Introduction

Here's the dream:

Computers have revolutionized research, and that revolution is only beginning. Every day, scientists and engineers all over the world use them to study things that are too big, too small, too fast, too slow, too expensive, too dangerous, or just too hard to study any other way.

Now here's the reality:

Every day, scientists and engineers all over the world waste time wrestling with computers. Tasks that should take a few moments take hours or days, and many things never work at all. And even when things do work, most scientists have no idea how reliable their results are.

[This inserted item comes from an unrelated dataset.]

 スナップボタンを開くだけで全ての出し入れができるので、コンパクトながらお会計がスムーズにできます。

Most of the pain that researchers feel stems from not knowing how to develop software systematically, how to tell if their programs are working correctly, how to share their work with others (except by mailing files to one another), or how to keep track of what they've done. This sorry state of affairs persists for four reasons:

  • No room, no time. Everybody's curriculum is full—there's simply not space to add more about computing without dropping something else.
  • No standards. Reviewers and granting agencies don't check whether software is correct, ask how long it took to write, or count it toward tenure, so there's no incentive for scientists to do better.
  • The blind leading the blind. Senior researchers can't teach the next generation how to do things that they don't know how to do themselves.
  • The cult of big iron. Attention and funding mostly goes to things that politicians and university presidents can brag about on opening day, rather than to the basic skills that almost everyone uses.

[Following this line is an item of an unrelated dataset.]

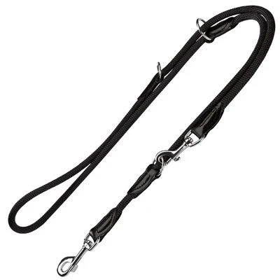 Een Hunter hondenlijn die zeer sterk en stevig is, 3-voudig verstelbaar en gemakkelijk te onderhouden. De kleur van de hondenlijn is zwart met doorgestikte leren afzetting.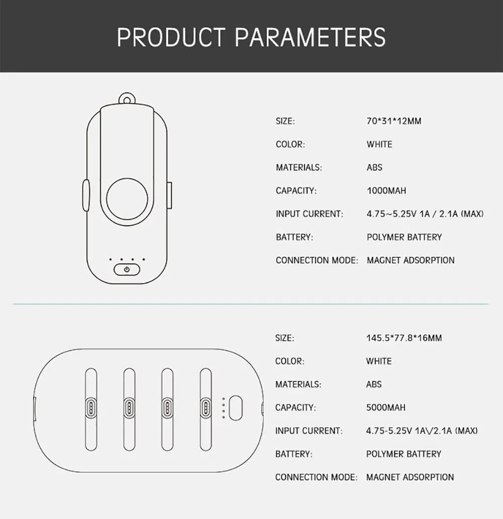 1000mAh+Magnetic Line+Type-c Head Contains:

Our goal is to show scientists and engineers how to do more in less time and with less pain. Our lessons have been used by more than four thousand learners in over a hundred two-day workshops since the spring of 2010. Here's how they can help:

  • If you've ever overwritten the wrong file, we'll show you how to use version control.
  • If you've ever spent hours typing the same commands over and over again, we'll show you how to automate those tasks using simple scripts.
  • If you've ever spent an afternoon trying to figure out what the program you wrote last week actually does, we'll show you how to break your code into modules that you can read, debug, and improve piece by piece.
  • If you've ever spent days copying and pasting data in text files and spreadsheets, we'll show you how a database can do the work for you.
  • If you have to access millions of CPU hours for your project without adding cost overhead, we'll show you how to do that via grid computing.
  • If you don't know what is open science grid, grid computing or distributed high through put computing, we'll show you what they are.

About the Open Science Grid

The OSG provides common service and support for resource providers and scientific institutions using a distributed fabric of high throughput computational services. The OSG does not own resources but provides software and services to users and resource providers alike to enable the opportunistic usage and sharing of resources. To find out more, please visit the Open Science Grid consortium page.

OSG Connect

The OSG Connect service provides a login service to the Open Science Grid infrastructure. It includes a job submission server based on HTCondor, a local scratch data service Stash, and is integrated with Globus family of services for data transfer and publication. User documentation including examples of running scientific applications on the OSG is available in the OSG "ConnectBook".

OSG Acknowledgement

The Open Science Grid is jointly funded by

Whenever you make use of Open Science Grid resources, services or tools, we would be grateful to have you acknowledge OSG in your presentations and publications.

Acknowledgement section:

For example, you can add in your acknowledgement section:

  • This research was done using resources provided by the Open Science Grid.

Citations:

We recommend the following references

  • Pordes, R. et al. (2007). "The Open Science Grid", J. Phys. Conf. Ser. 78, 012057.doi:10.1088/1742-6596/78/1/012057.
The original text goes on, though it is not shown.